Work request
What should you transcribe? Every line from the top of the records below through the line with "The Clare's lovely", exactly, and no pictures.

[Saved data entries]
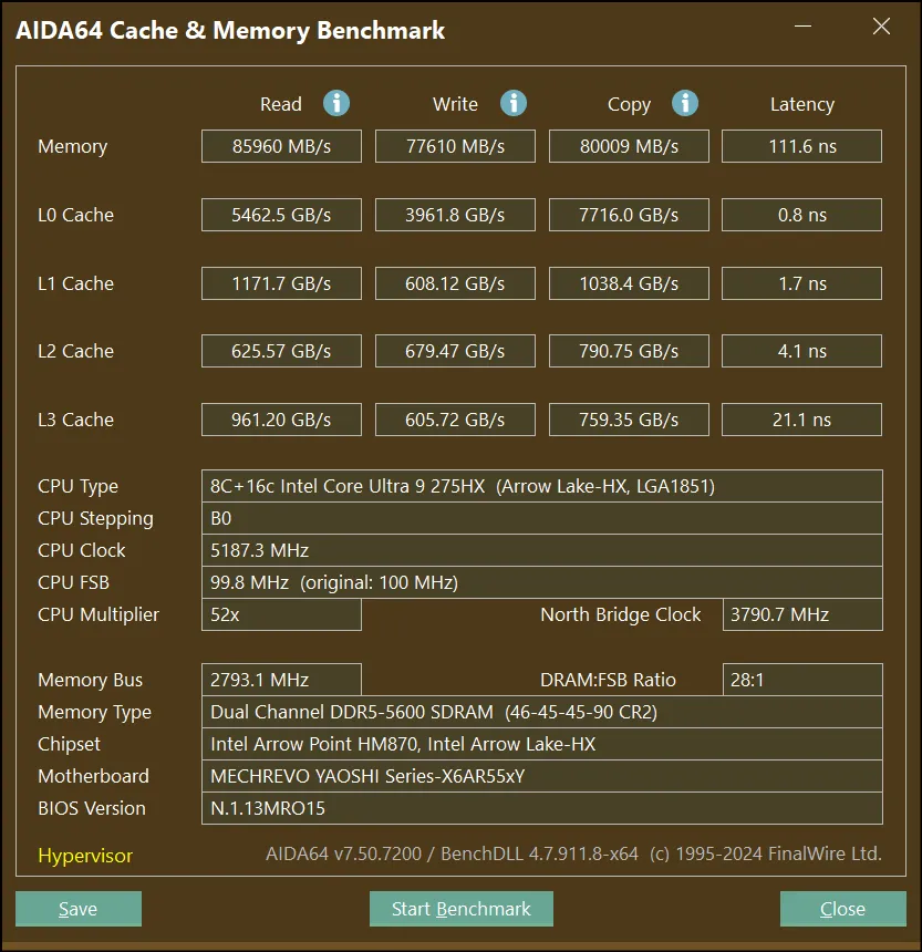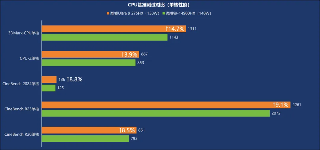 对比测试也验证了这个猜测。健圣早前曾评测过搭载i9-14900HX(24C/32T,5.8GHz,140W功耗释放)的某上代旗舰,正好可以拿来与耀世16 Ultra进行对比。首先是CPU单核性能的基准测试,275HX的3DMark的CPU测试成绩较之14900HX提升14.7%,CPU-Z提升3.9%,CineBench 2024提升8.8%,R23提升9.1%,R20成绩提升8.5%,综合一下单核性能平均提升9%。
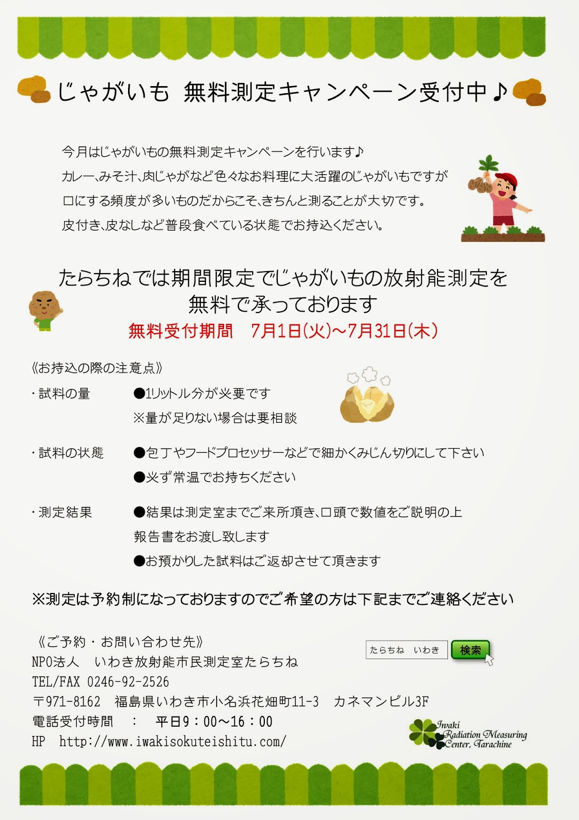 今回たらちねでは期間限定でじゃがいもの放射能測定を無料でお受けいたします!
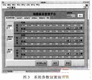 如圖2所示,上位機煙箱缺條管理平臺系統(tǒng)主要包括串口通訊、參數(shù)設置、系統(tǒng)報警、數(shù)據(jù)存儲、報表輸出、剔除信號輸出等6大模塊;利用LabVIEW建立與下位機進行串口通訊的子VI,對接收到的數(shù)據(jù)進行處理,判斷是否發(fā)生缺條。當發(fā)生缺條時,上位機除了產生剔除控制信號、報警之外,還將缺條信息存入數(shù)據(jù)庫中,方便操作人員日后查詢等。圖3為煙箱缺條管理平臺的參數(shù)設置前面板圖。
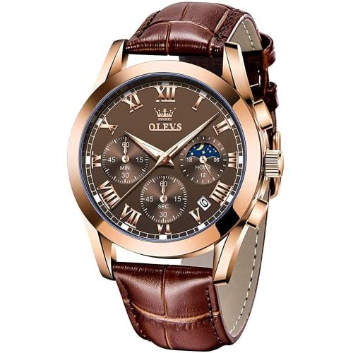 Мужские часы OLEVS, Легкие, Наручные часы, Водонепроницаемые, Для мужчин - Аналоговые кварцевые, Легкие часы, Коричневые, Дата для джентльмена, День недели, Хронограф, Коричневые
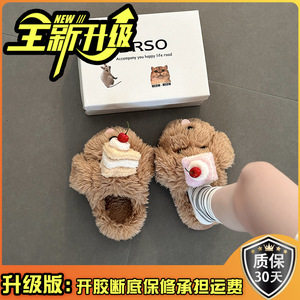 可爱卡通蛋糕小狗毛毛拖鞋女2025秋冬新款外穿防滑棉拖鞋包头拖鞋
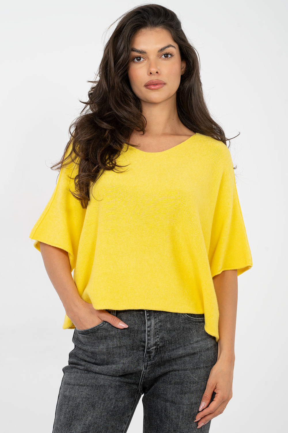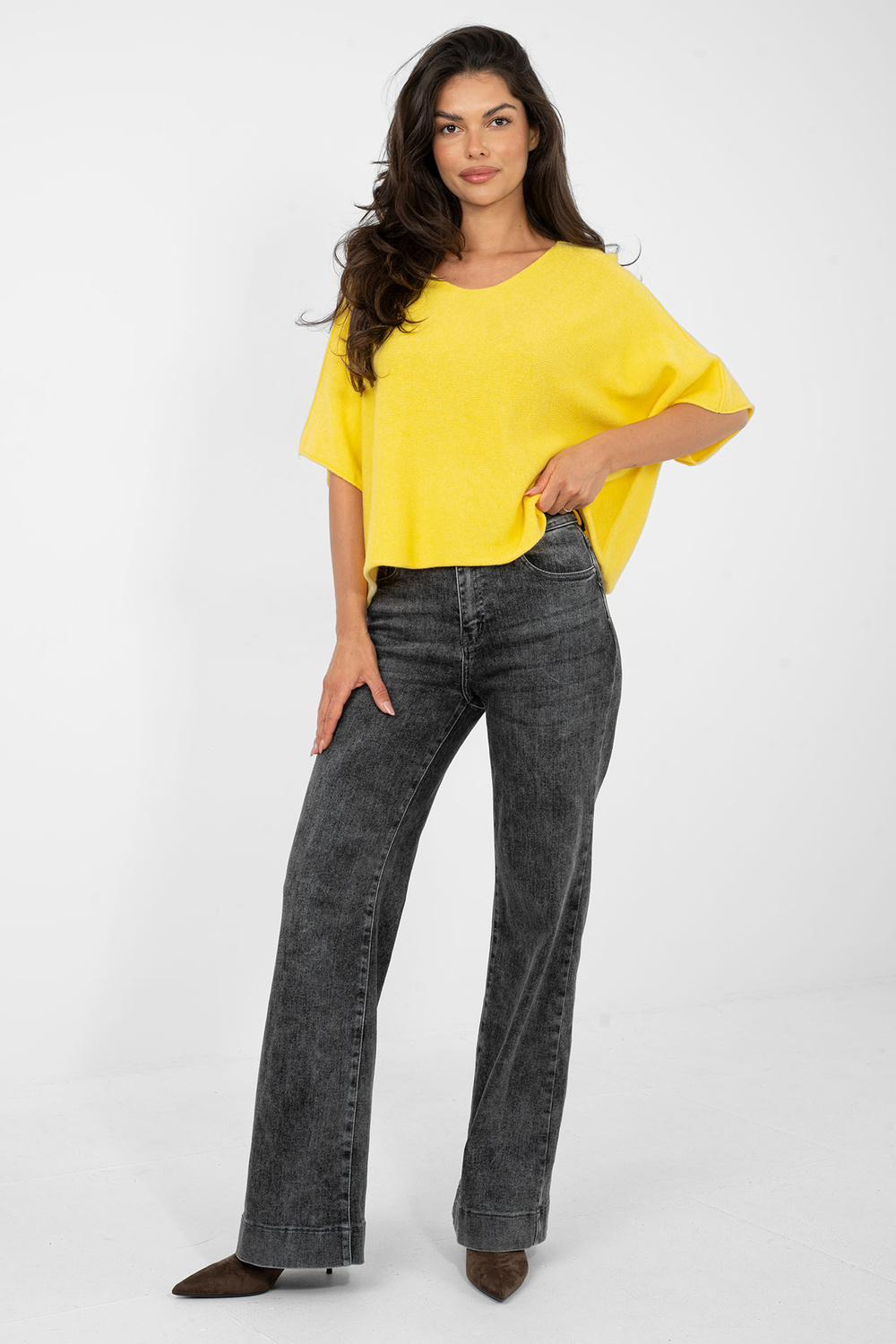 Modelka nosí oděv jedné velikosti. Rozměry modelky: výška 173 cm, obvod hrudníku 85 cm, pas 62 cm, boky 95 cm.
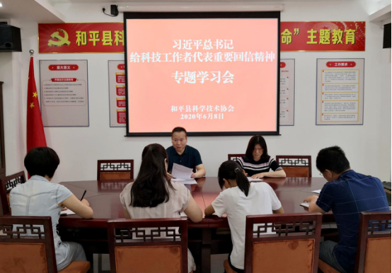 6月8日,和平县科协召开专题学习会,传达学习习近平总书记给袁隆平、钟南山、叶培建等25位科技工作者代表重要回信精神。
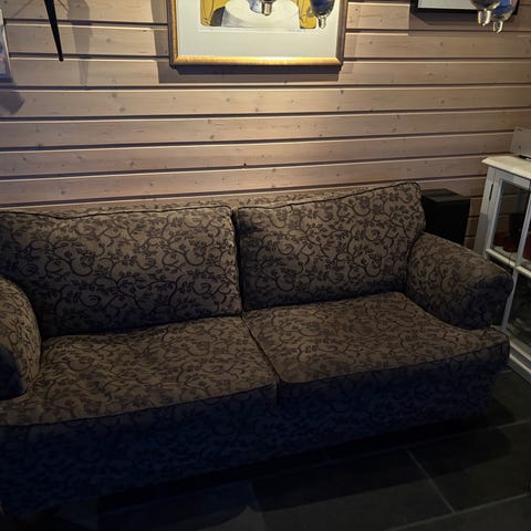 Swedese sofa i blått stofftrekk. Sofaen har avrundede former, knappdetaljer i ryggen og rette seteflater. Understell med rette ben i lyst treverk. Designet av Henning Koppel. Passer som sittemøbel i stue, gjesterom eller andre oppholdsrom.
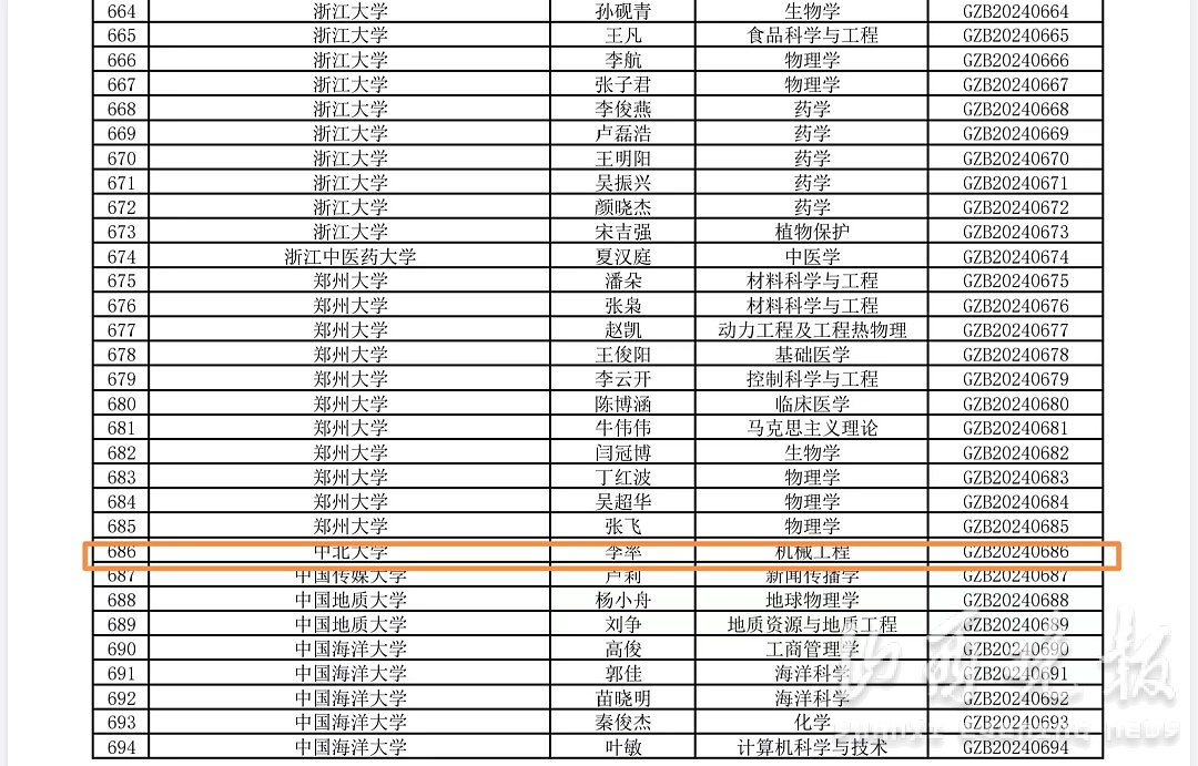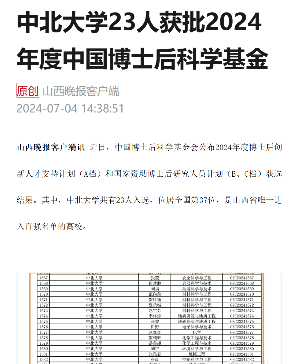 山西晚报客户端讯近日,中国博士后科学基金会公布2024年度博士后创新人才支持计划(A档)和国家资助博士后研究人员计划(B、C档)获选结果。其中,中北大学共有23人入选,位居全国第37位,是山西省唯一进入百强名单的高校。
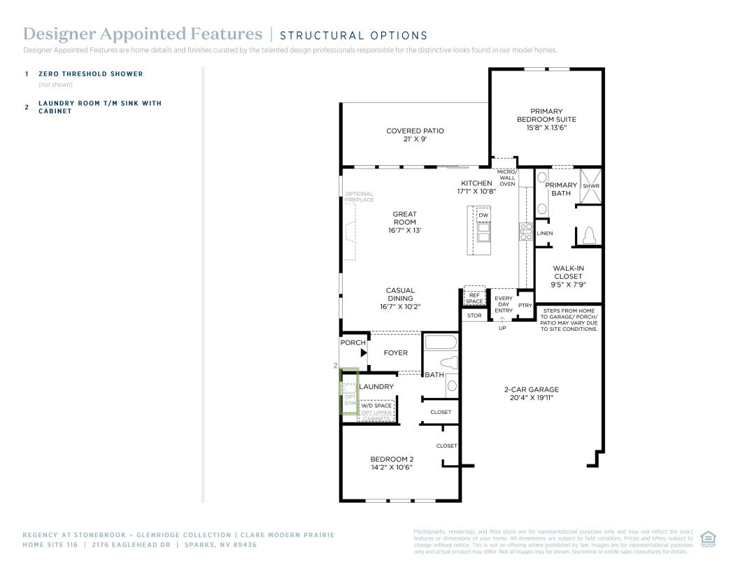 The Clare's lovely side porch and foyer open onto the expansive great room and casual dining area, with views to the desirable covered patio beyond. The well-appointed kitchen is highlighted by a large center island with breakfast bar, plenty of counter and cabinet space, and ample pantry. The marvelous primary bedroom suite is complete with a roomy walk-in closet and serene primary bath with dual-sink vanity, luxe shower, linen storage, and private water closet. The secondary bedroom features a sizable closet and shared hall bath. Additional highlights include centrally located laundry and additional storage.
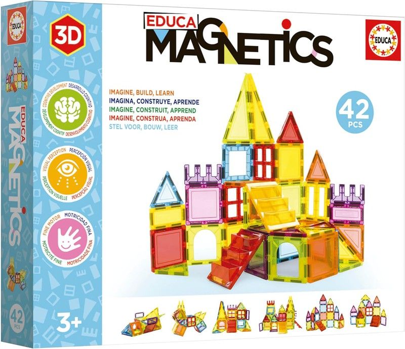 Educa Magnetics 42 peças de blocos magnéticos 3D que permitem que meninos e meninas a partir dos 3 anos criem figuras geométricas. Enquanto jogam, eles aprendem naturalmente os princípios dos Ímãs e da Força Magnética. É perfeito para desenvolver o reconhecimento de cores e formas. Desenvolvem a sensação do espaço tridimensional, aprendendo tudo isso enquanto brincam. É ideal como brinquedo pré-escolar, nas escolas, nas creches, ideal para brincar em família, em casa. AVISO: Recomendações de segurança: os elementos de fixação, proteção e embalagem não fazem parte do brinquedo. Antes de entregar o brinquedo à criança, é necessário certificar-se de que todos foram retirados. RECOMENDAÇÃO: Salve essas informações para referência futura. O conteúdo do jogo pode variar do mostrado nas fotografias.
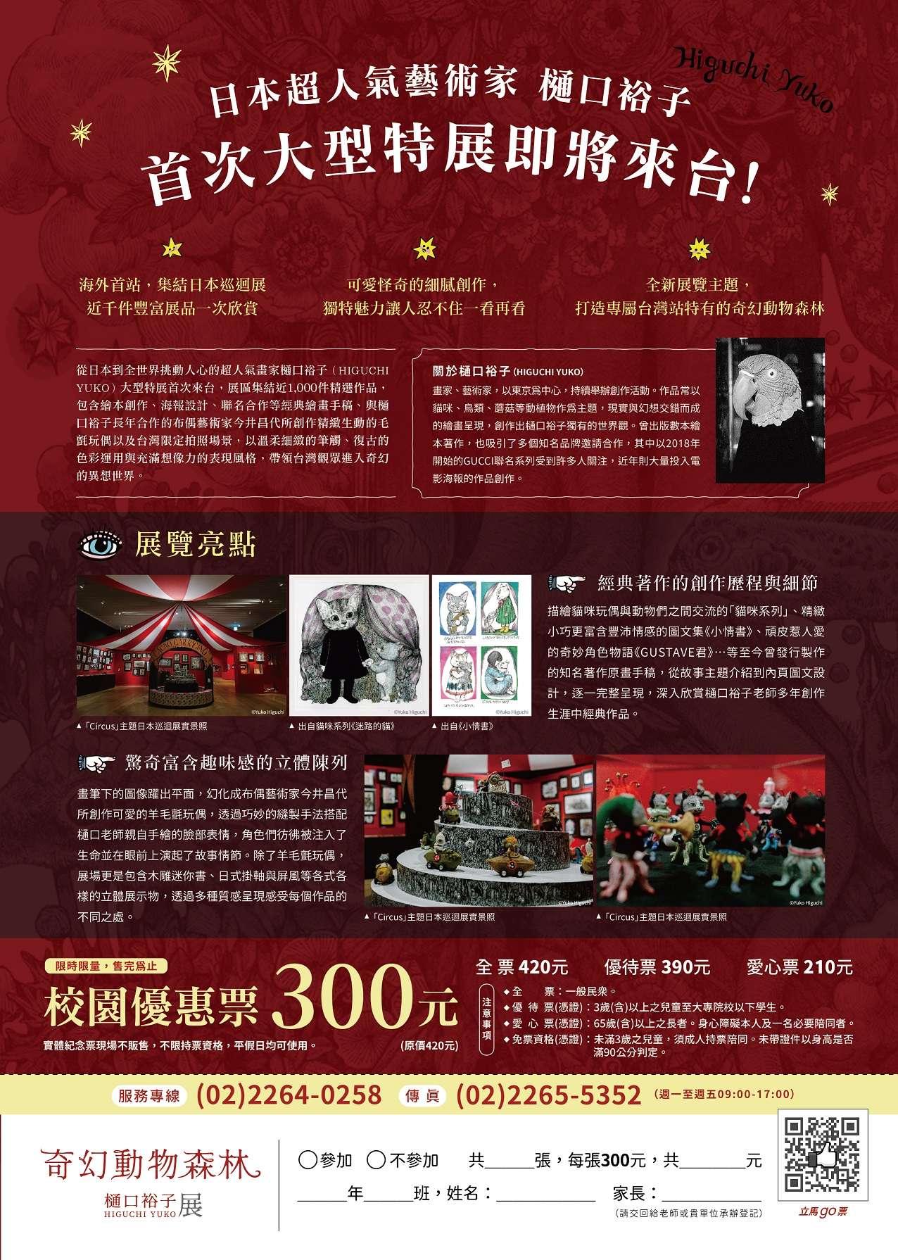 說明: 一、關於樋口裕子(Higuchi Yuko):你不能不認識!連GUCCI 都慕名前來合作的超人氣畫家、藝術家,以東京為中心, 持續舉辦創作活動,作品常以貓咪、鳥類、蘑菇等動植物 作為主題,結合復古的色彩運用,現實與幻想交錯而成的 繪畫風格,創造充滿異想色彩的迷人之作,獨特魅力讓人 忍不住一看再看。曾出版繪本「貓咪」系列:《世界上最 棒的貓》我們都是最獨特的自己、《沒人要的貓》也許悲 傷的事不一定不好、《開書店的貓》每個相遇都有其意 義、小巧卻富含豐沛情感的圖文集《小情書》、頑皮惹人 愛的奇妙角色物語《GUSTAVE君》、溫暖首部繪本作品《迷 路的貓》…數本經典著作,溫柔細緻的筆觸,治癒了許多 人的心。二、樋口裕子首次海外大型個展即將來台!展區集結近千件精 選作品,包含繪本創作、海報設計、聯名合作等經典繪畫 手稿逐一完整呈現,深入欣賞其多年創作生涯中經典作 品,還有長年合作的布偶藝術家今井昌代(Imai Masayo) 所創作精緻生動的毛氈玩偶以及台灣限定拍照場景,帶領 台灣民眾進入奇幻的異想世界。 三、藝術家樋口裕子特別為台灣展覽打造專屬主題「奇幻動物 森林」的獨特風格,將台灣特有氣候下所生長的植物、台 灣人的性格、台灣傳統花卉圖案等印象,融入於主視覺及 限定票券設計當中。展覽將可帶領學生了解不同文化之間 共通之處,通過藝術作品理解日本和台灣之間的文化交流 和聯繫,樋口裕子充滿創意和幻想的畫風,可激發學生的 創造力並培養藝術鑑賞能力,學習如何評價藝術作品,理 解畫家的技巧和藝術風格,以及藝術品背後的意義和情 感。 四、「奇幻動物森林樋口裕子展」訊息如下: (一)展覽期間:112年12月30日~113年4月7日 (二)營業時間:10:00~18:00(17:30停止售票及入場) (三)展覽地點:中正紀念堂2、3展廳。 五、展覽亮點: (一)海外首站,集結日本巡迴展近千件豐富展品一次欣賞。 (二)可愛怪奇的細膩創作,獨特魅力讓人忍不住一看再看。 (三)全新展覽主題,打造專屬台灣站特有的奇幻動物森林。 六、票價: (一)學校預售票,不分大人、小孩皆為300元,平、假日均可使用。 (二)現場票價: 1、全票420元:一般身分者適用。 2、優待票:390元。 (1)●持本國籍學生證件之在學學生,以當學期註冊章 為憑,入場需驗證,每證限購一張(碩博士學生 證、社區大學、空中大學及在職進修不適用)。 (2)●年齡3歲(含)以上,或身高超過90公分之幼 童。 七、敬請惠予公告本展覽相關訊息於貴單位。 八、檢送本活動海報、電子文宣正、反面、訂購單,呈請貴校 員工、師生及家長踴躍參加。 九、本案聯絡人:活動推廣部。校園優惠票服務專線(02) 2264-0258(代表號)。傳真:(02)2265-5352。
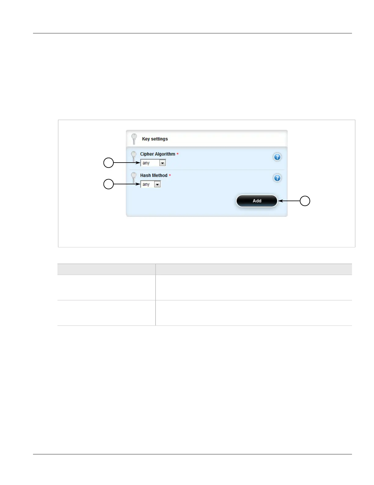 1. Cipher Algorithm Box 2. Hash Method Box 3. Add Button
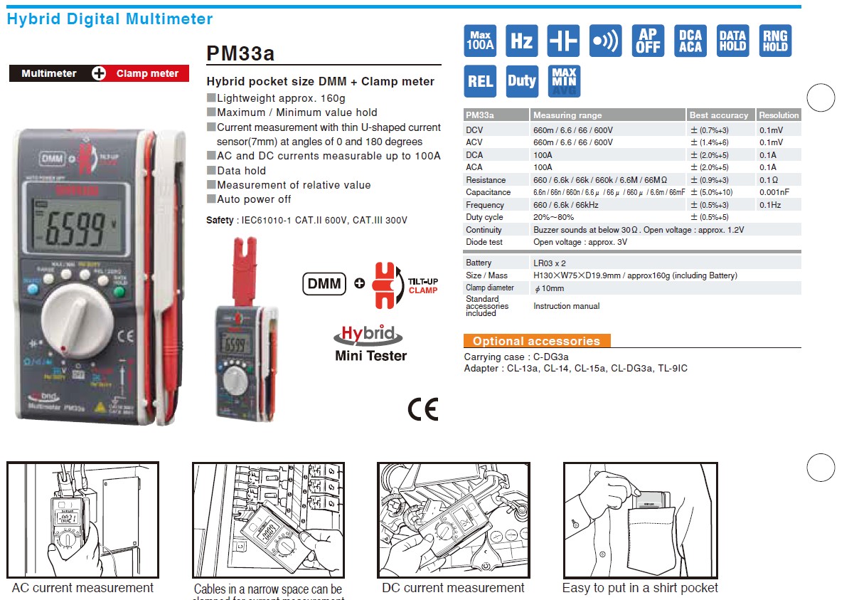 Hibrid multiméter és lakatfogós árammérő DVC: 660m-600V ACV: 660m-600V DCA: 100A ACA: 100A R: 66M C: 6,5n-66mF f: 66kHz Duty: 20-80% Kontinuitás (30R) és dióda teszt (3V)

Written solution
 对比测试也验证了这个猜测。健圣早前曾评测过搭载i9-14900HX(24C/32T,5.8GHz,140W功耗释放)的某上代旗舰,正好可以拿来与耀世16 Ultra进行对比。首先是CPU单核性能的基准测试,275HX的3DMark的CPU测试成绩较之14900HX提升14.7%,CPU-Z提升3.9%,CineBench 2024提升8.8%,R23提升9.1%,R20成绩提升8.5%,综合一下单核性能平均提升9%。
 今回たらちねでは期間限定でじゃがいもの放射能測定を無料でお受けいたします!
 如圖2所示,上位機煙箱缺條管理平臺系統(tǒng)主要包括串口通訊、參數(shù)設置、系統(tǒng)報警、數(shù)據(jù)存儲、報表輸出、剔除信號輸出等6大模塊;利用LabVIEW建立與下位機進行串口通訊的子VI,對接收到的數(shù)據(jù)進行處理,判斷是否發(fā)生缺條。當發(fā)生缺條時,上位機除了產生剔除控制信號、報警之外,還將缺條信息存入數(shù)據(jù)庫中,方便操作人員日后查詢等。圖3為煙箱缺條管理平臺的參數(shù)設置前面板圖。
 Мужские часы OLEVS, Легкие, Наручные часы, Водонепроницаемые, Для мужчин - Аналоговые кварцевые, Легкие часы, Коричневые, Дата для джентльмена, День недели, Хронограф, Коричневые
 可爱卡通蛋糕小狗毛毛拖鞋女2025秋冬新款外穿防滑棉拖鞋包头拖鞋
 Modelka nosí oděv jedné velikosti. Rozměry modelky: výška 173 cm, obvod hrudníku 85 cm, pas 62 cm, boky 95 cm.
 6月8日,和平县科协召开专题学习会,传达学习习近平总书记给袁隆平、钟南山、叶培建等25位科技工作者代表重要回信精神。
 Swedese sofa i blått stofftrekk. Sofaen har avrundede former, knappdetaljer i ryggen og rette seteflater. Understell med rette ben i lyst treverk. Designet av Henning Koppel. Passer som sittemøbel i stue, gjesterom eller andre oppholdsrom.
 山西晚报客户端讯近日,中国博士后科学基金会公布2024年度博士后创新人才支持计划(A档)和国家资助博士后研究人员计划(B、C档)获选结果。其中,中北大学共有23人入选,位居全国第37位,是山西省唯一进入百强名单的高校。
 The Clare's lovely side porch and foyer open onto the expansive great room and casual dining area, with views to the desirable covered patio beyond. The well-appointed kitchen is highlighted by a large center island with breakfast bar, plenty of counter and cabinet space, and ample pantry. The marvelous primary bedroom suite is complete with a roomy walk-in closet and serene primary bath with dual-sink vanity, luxe shower, linen storage, and private water closet. The secondary bedroom features a sizable closet and shared hall bath. Additional highlights include centrally located laundry and additional storage.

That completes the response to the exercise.